Let $R$ be the quotient of the polynomial ring $\mathbb{F}_p[x_1,x_2,x_3,\dots]$ by the ideal generated by the elements $x_n-x_{2n}x_{2n+1}$ for $n\ge 1$. Let $I=(x_1,x_2,x_3,\dots)\subset R$. By the construction of $R$ we see that all the generators of $I$ lie in $I^2$, hence $I=I^2$.

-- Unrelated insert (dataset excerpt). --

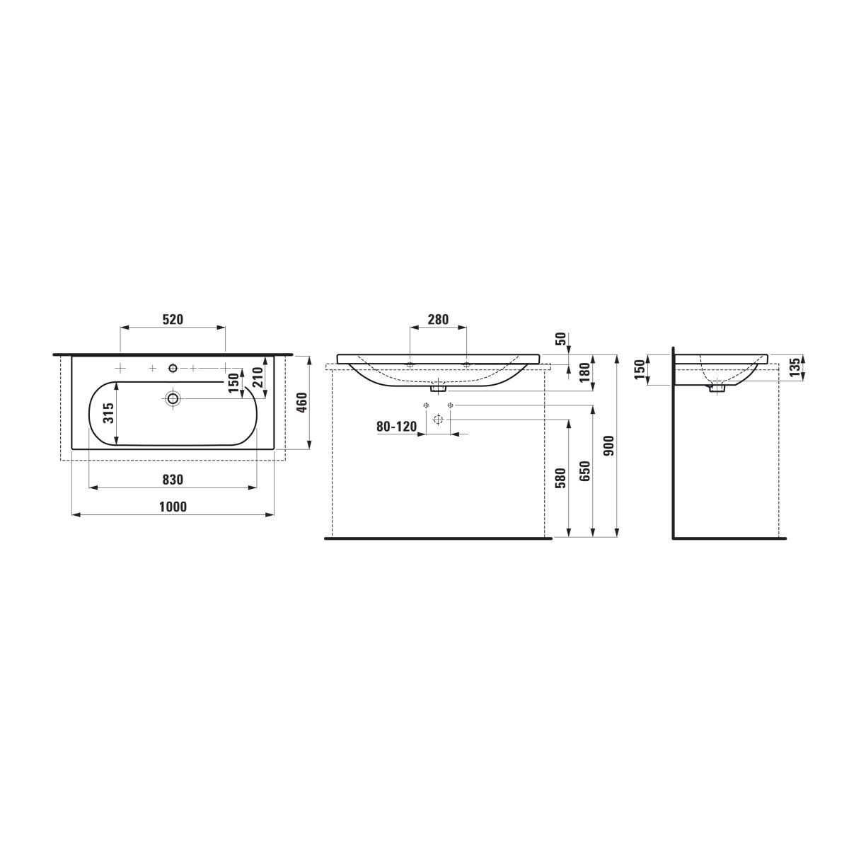 Laufen Lua Waschbecken 100x46 cm rechteckig Klassisch weiß H8160890001041

Let $R^{\text{p}}=\varinjlim (R\stackrel{F}\to R\stackrel{F}\to \dots)$ be the perfection of $R$, let $J=IR^{\text{p}}$, and $A=R^{\text{p}}/J$. Since $R^{\text{p}}$ is perfect, the map $\mathbb{F}_p\to R^{\text{p}}$ is formally étale. Since $J=J^2$ in $R^{\text{p}}$, the quotient map $R^{\text{p}}\to A$ is formally étale. By composition the map $\mathbb{F}_p \to A$ is formally étale. Then $A=R^{\text{p}}/J$ is a local, nonreduced, zero-dimensional ring with residue field $\mathbb{F}_p$, which is formally étale over $\mathbb{F}_p$. Thus the map $\text{Spec}(A)\to \text{Spec}(\mathbb{F}_p)$ has all the required properties and is not an isomorphism.